[[ INFORMATION SUPPLIED, beginning ]]
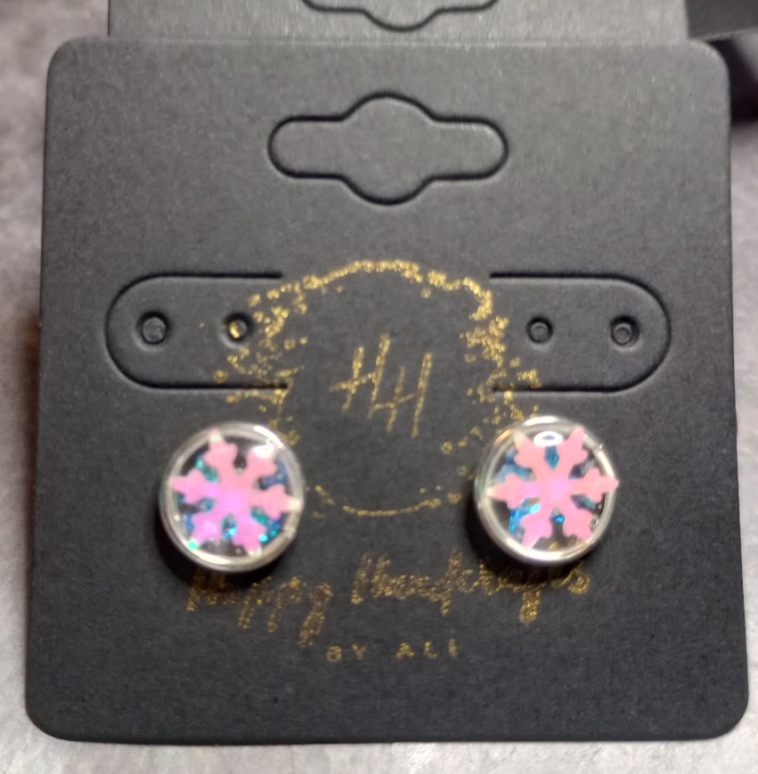 UV resin pink iridescent snowflake stud earrings. 10mm circle.
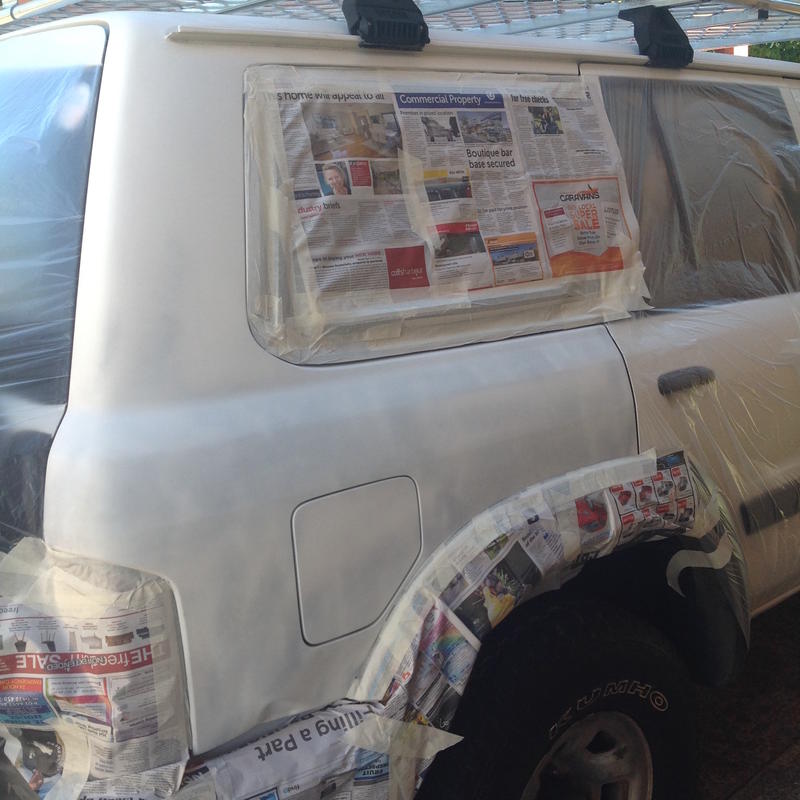 In Ermangelung einer Werkstatt oder wenigstens einer Garage fanden alle Aktionen im Freien statt. Die gegebenen Umstände machten das Spritzen aus Sprayflaschen zwischen Windböen zu einem Abenteuer ...
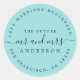 Chic, modern und einfach Hochzeitskalligraphie klassischer Rundaufkleber mit dem Text der Zukunft Mr. und Mrs. in schwarz-eleganter Schrift Kalligraphie und stilvolle Typografie auf türkisblauem Hintergrund. Fügen Sie einfach Ihren Namen und Ihre Adresse hinzu. Exklusiv für Sie entworfen von Happy Dolphin Studio. Wenn Sie Hilfe oder passende Produkte benötigen, kontaktieren Sie uns bitte unter happydolphinstudio@outlook.com. Wir helfen Ihnen gerne, Ihre Hochzeit zum schönsten Tag zu machen!
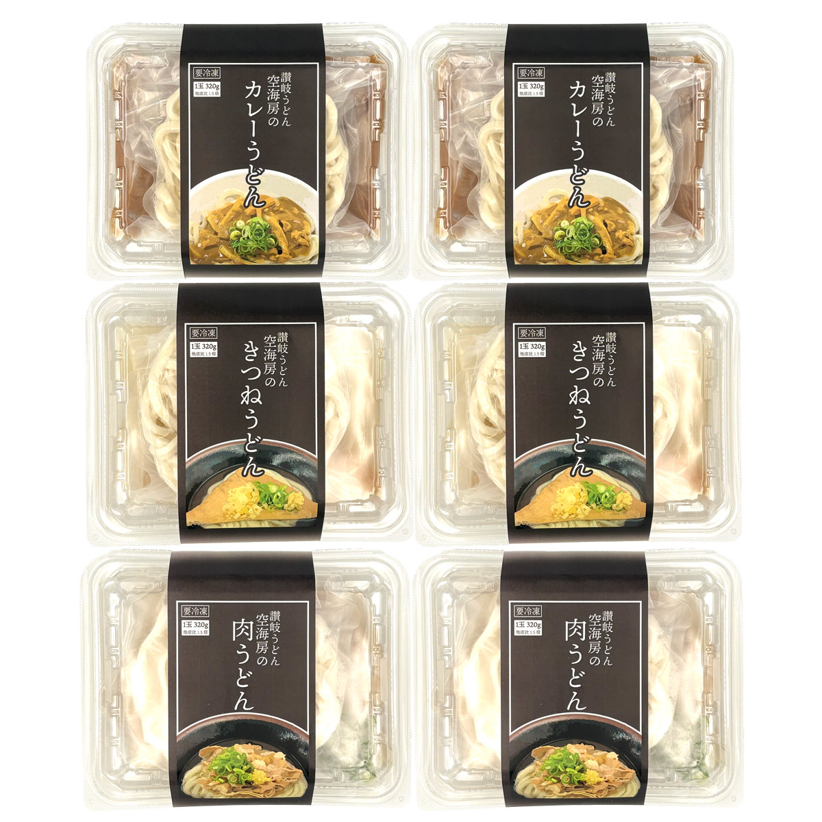 ●数量・内容:肉うどん(讃岐うどん320g、肉出汁350g)、きつねうどん(讃岐うどん320g、きつね出汁350g)、カレーうどん(讃岐うどん320g、カレー出汁350g) 各2
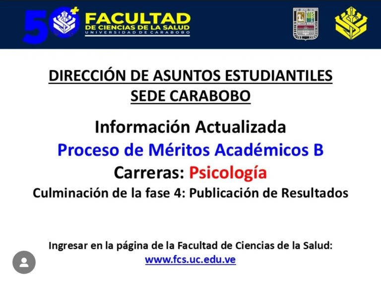 La Facultad de Ciencias de la Salud de la Universidad de Carabobo, publicó a través de su cuenta de Instagram @fcs_uc que está disponible el proceso de Méritos Académicos B para la carrera “Psicología”.
[[ INFORMATION SUPPLIED, end ]]
WHAT NEEDS TO BE DONE: Only the lines from the top of the material above down to the line bearing "In Ermangelung einer", that line included, should be set down exactly; no pictures.

ANSWER TO THIS PROBLEM:
 UV resin pink iridescent snowflake stud earrings. 10mm circle.
 In Ermangelung einer Werkstatt oder wenigstens einer Garage fanden alle Aktionen im Freien statt. Die gegebenen Umstände machten das Spritzen aus Sprayflaschen zwischen Windböen zu einem Abenteuer ...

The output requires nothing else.